Lands Between RAG Application

This project is a Retrieval-Augmented Generation (RAG) application designed to help players explore up-to-date Elden Ring character builds by drawing on the latest discussions from Reddit. This application can surface recent, community-driven insights that go beyond what a static model can provide, giving players fresh ideas for optimizing their builds. This project showcases how we can customize the experience of using Generative AI, as well as how to operationalize a large language model for a use-case.

LLMs aren’t always up to date, so they often miss recent shifts in game metas or new releases. For example, GPT-4 (released March 2023) was trained before Elden Ring’s expansion, Shadow of the Erdtree (June 2024), so it has no knowledge of that content. To solve this, I built data transformation and RAG pipelines that generate a custom corpus of expansion data and feed the model relevant context at time of inference. This way it can answer questions about the new content with accuracy and let the user stay current on the game.

Keeping the corpus fresh requires more than manual updates. It requires an architectural solution. I designed and automated the pipeline using cloud-based services on Amazon Web Services (AWS).

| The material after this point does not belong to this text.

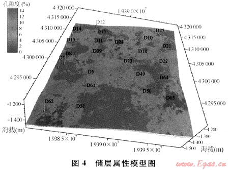 綜合利用地質(zhì)、地震和測井資料,建立精細(xì)的沉積微相模型,揭示了砂體的空間幾何展布形態(tài)。在相控基礎(chǔ)上進(jìn)行孔隙度、滲透率的研究,建立儲層屬性模型,則進(jìn)一步揭示了儲層非均質(zhì)性,指明了有利儲層發(fā)育區(qū),為進(jìn)一步的油氣田開發(fā)指明了方向。實踐證明,借助于沉積微相和屬性建模方法,使該區(qū)的新鉆井符合率有顯著提高。
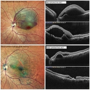 A 60 YEAR OLD FEMALE PRESENTED WITH COUNTING FINGERS VISION FROM A SUB-RETINAL HEMORRHAGE AT THE MACULA. OCT SHOWS VARIABLE SUB -RETINAL FLUID. PARS PLANA VITRECTOMY WITH DRAINAGE OF THE SUB-RETINAL BLOOD WAS PERFORMED. POST-OPERATIVE OCT SHOWS NO SUB-RETINAL FLUID WITH VARIABLE OUTER RETINAL CYSTIC CHANGES AND VISUAL ACUITY IMPROVING TO 20/120.

To evaluate the pipeline, Reddit posts from a community dedicated to Elden Ring builds were collected daily over a 30-day period. After each scrape, the index was refreshed with newly embedded vectors, and an evaluation script generated responses to five benchmark queries using the top-five most similar posts. At the end of the 30 days, performance was assessed using daily metrics to measure retrieval quality and consistency.

Example Output

---

Quick Start

# Clone the repository
git clone https://github.com/caseywhorton/lands-between-RAG.git
cd lands-between-RAG

# Set up environment
python3 -m venv .venv
source .venv/bin/activate
pip install -r requirements.txt

# Configure environment variables
cp .env.example .env
# Edit .env with your API keys

Key Insights

RAG Applications and Relevance
Retrieval-Augmented Generation (RAG) applications can provide a corpus of recent, relevant data for a specific use case. For example, using recent data for a newly released video game allows even an older LLM to generate responses based on up-to-date information.
Infrastructure Requirements
RAG applications for recent data require an automated infrastructure to update and evaluate text data continuously, ensuring the LLM has access to fresh, accurate information.
Evaluating LLM Accuracy with Context
Assessing the accuracy of an LLM with additional context primarily measures the quality of the data in the corpus. If the corpus contains minimal or flawed information on a subject, evaluation metrics are expected to be low, regardless of the model’s underlying capability.
Content and Context Matters Because the content is passed with every prompt, including instructions on using recent data and timestamps ensures the model responses include temporal information.

What Works

Embedding the full_text (post + top comments) improves relevance.
Cleaning markdown formatting with regex enhances embedding quality.
Pinecone similarity scores > 0.7 indicate high relevance.
Including time-dependent information (e.g., timestamps for Reddit posts) allows recent posts to be accurately retrieved and contextualized.

Limitations

Without RAG context, the model may respond: "I don't have access to current Reddit discussions."
Evaluating the RAG pipeline: metrics are useful for testing the retrieval of expected, straightforward information, but assessing qualitative answers is more challenging since there is no single 'correct' response.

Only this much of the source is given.